WORK REQUEST: Within the lines below, the span from the line with "Zoellners Hof off Depenau 10, Lübeck" to the line with "Cathay 332 from Hong Kong.", both ends included, is to be reproduced exactly, with pictures omitted.

RECORDED INFORMATION:
BEGIN
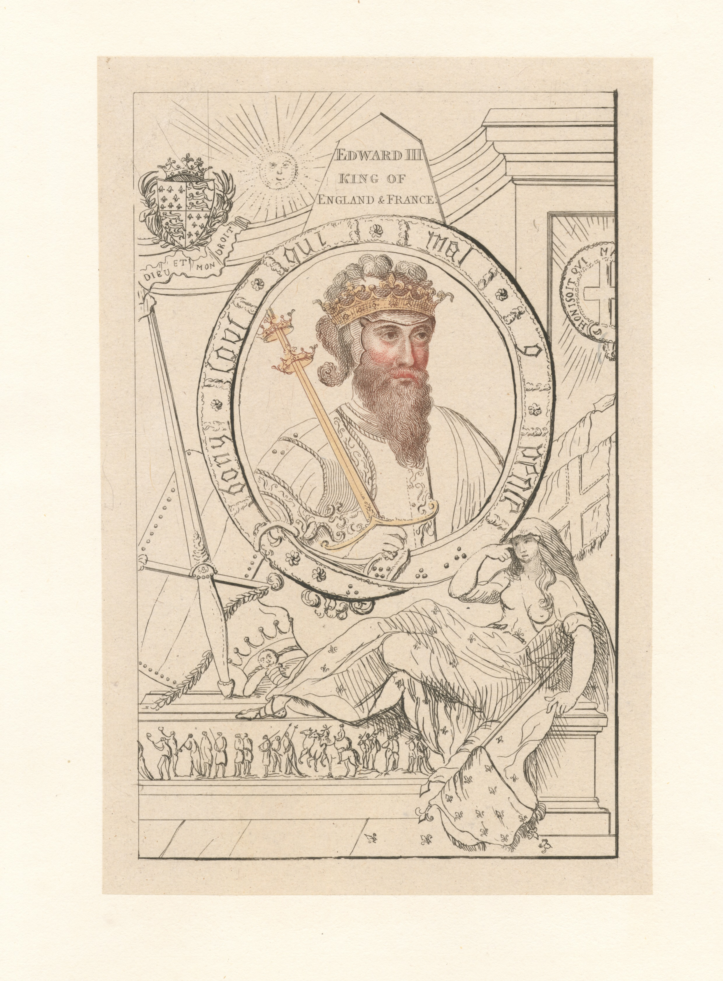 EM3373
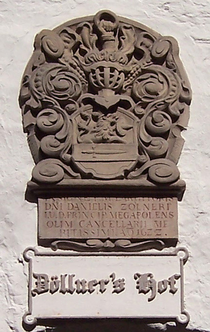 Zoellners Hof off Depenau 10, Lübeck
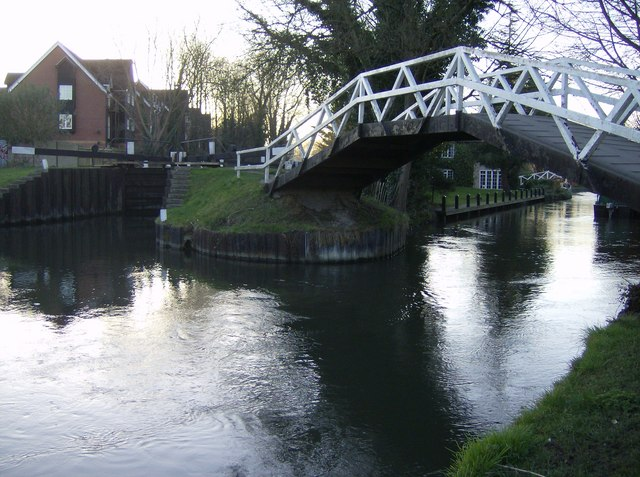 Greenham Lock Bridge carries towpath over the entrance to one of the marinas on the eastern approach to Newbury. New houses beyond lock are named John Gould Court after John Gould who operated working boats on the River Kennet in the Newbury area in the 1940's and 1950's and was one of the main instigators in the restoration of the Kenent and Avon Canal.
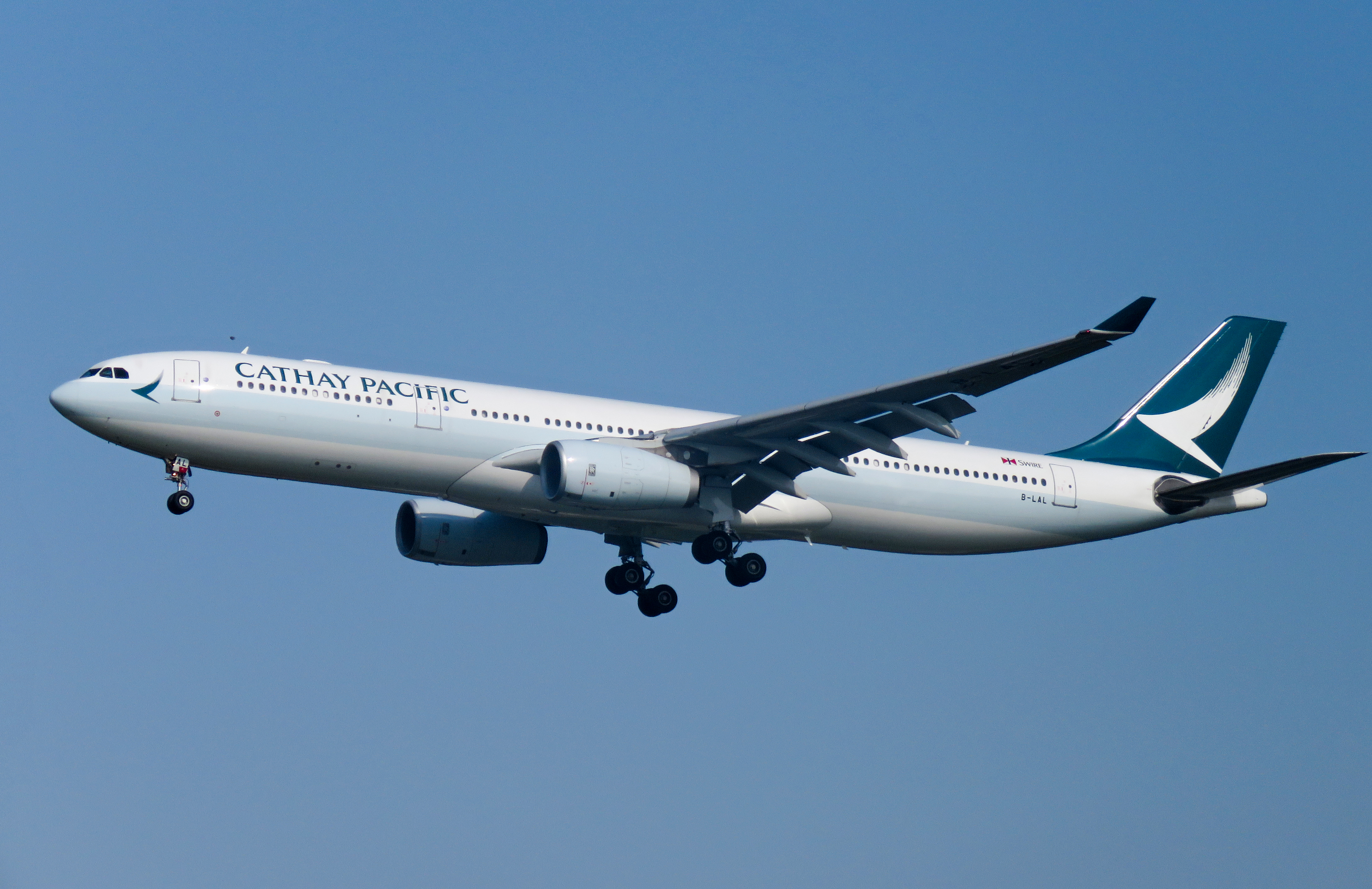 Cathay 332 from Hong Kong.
END
BEGIN
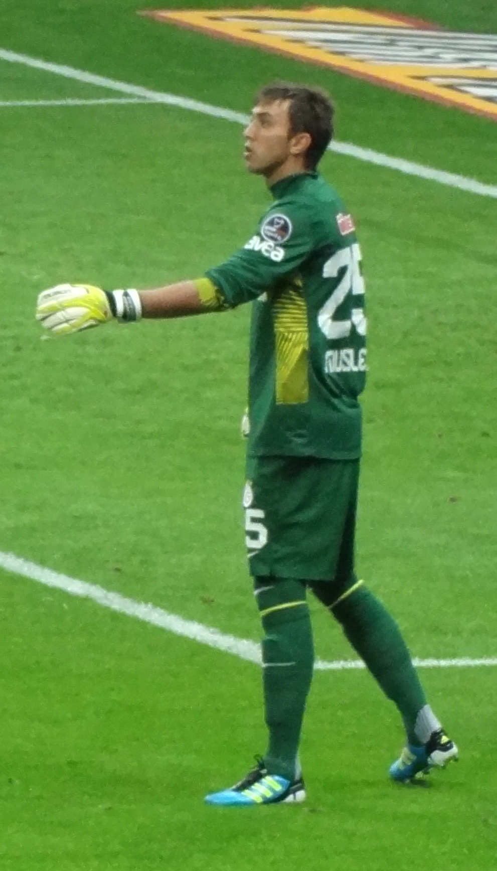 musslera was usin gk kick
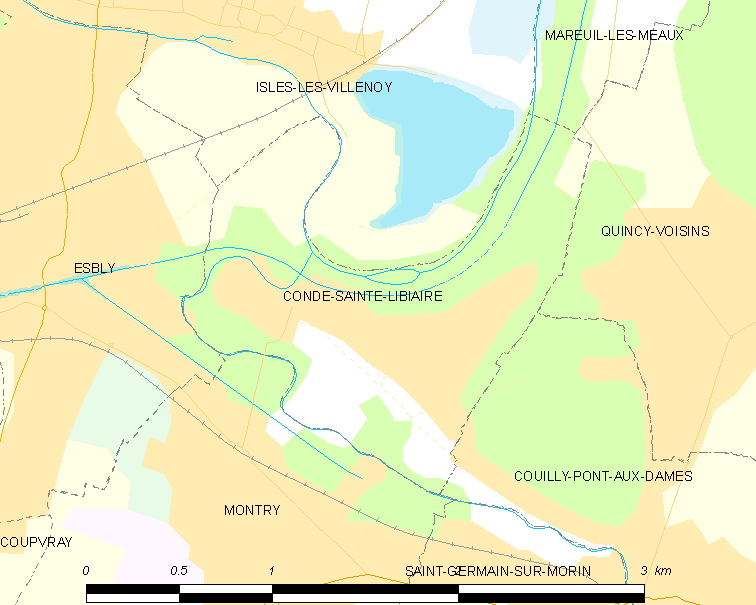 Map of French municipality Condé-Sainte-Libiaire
END
BEGIN
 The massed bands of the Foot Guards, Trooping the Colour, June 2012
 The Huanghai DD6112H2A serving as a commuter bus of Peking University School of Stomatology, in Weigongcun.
END
ANSWER TO THIS PROBLEM:
 Zoellners Hof off Depenau 10, Lübeck
 Greenham Lock Bridge carries towpath over the entrance to one of the marinas on the eastern approach to Newbury. New houses beyond lock are named John Gould Court after John Gould who operated working boats on the River Kennet in the Newbury area in the 1940's and 1950's and was one of the main instigators in the restoration of the Kenent and Avon Canal.
 Cathay 332 from Hong Kong.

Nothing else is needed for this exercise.